Autumn is in when season, environment temperature is higher, and when bittern minimum temperature is more than 5 DEG C, lithium concentration is controlled Deep lake salt field is introduced directly into the bittern close to 1.2g/L (1.2g/L~1.5g/L).
Second step, as season is transferred to the winter of highlands, when environment temperature is -15 DEG C~-5 DEG C, a large amount of ten water awns Nitre preferentially separates out, and as temperature continues to reduce the precipitation with the crystallization water, borax, sodium chloride, potassium chloride are also with aqueous salt or simple The form of salt separates out, and in the case, lithium concentration rises rapidly in bittern, using sulfate ion concentration in bittern as control Index, when the concentration of sulfate ion is reduced to 4g/L~7g/L, in bittern lithium concentration rise very rapidly up to 2.6g/L~ 3.5g/L, rich lithium carbonate brine B and mirabilite ore are obtained after separation of solid and liquid.

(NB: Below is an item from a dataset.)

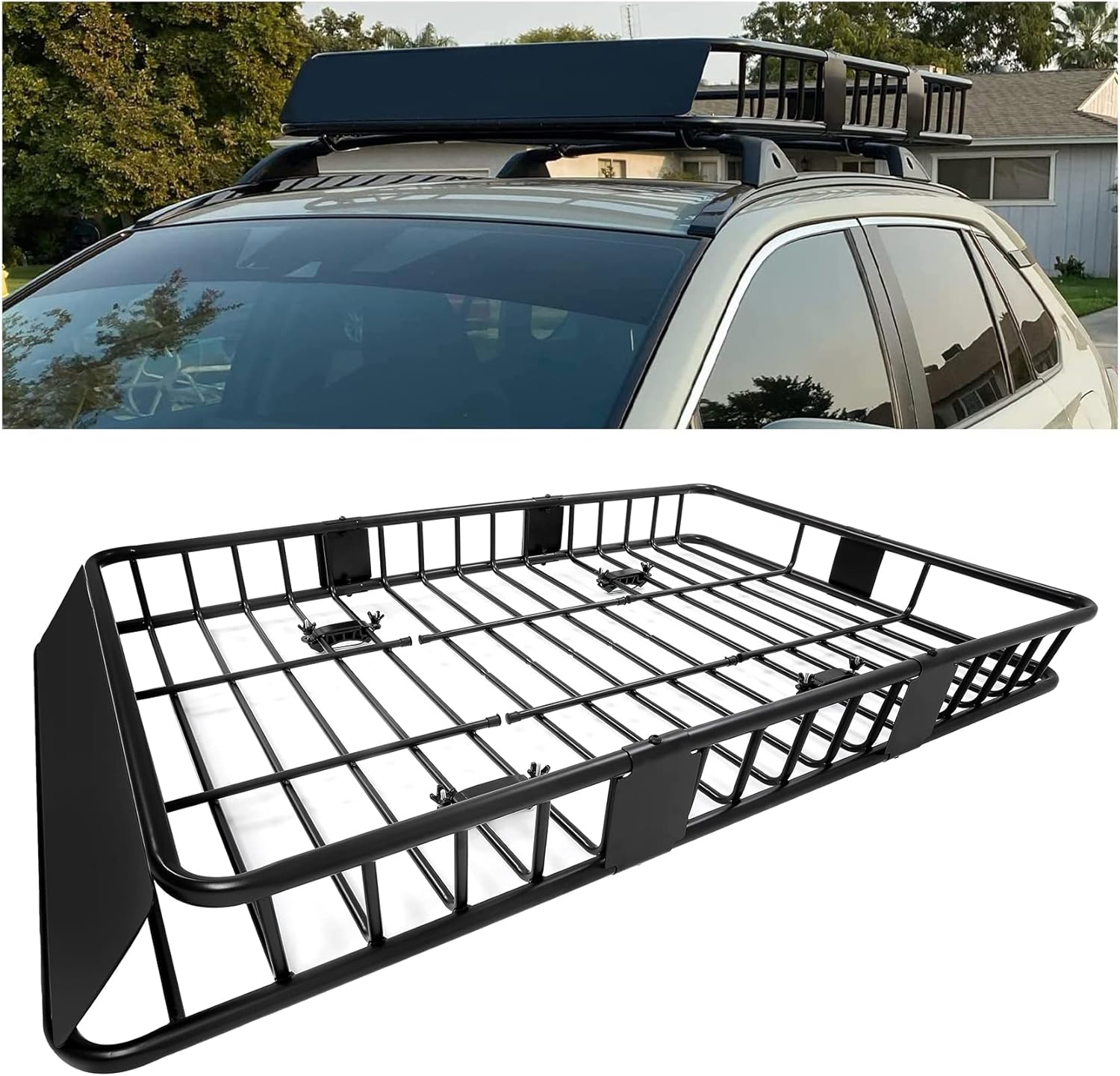 ECOTRIC 67" x 39" x 5.1'' Universal Roof Rack Cargo Carrier Basket with Extension Heavy Duty Steel Car SUV Top Luggage Storage Holder Basket for Travel 550LBS Weight Capacity

For mirabilite ore based on mirabilite hydrate, mass content accounts for more than 70%~90%, and remaining is contaminated with a small amount of borax, chlorination Sodium, potassium chloride.

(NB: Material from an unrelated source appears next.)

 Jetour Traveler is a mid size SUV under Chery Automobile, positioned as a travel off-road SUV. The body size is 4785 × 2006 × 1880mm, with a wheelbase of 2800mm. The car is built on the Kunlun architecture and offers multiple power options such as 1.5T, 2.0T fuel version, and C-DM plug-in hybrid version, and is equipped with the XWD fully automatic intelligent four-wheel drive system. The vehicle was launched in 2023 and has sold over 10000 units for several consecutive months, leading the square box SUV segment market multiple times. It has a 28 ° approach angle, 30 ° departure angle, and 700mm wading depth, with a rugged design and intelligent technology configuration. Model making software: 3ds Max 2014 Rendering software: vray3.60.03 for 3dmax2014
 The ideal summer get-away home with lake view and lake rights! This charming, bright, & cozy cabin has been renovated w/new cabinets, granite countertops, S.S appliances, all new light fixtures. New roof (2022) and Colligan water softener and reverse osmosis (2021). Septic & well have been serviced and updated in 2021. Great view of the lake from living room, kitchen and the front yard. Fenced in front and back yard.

Preferably, when the concentration of sulfate ion is preferably controlled in 6g/L~7g/L, and treat in bittern on lithium concentration 2.6g/L~3.5g/L is risen to, separation of solid and liquid is carried out, obtained rich lithium carbonate brine, is obtained when subsequently preparing carbonic acid lithium concentrate The lithium carbonate yield obtained can be higher.
It is attached in specific experiment, as shown in Table 2, in the bittern between December 14~28 days January in 2015 in 2014 Lithium concentration is all higher than 2.6g/L and is less than 3.5g/L, for example, 3.36g/L, 3.39g/L;Some be even more more than 3.5g/L, Other are it was found that, lithium concentration can reach 3.9g/L in bittern.Such rich lithium carbonate brine by heating at Reason can obtain high-grade carbonic acid lithium concentrate.
3rd step, the rich lithium carbonate brine B that second step obtains is imported in temperature elevation system and is warming up to 20 DEG C~60 DEG C, analysis Go out carbonic acid lithium concentrate, the grade of the carbonic acid lithium concentrate is more than 60%.Preferable temperature is controlled at 40 DEG C~50 DEG C, preferably close to 45 ℃。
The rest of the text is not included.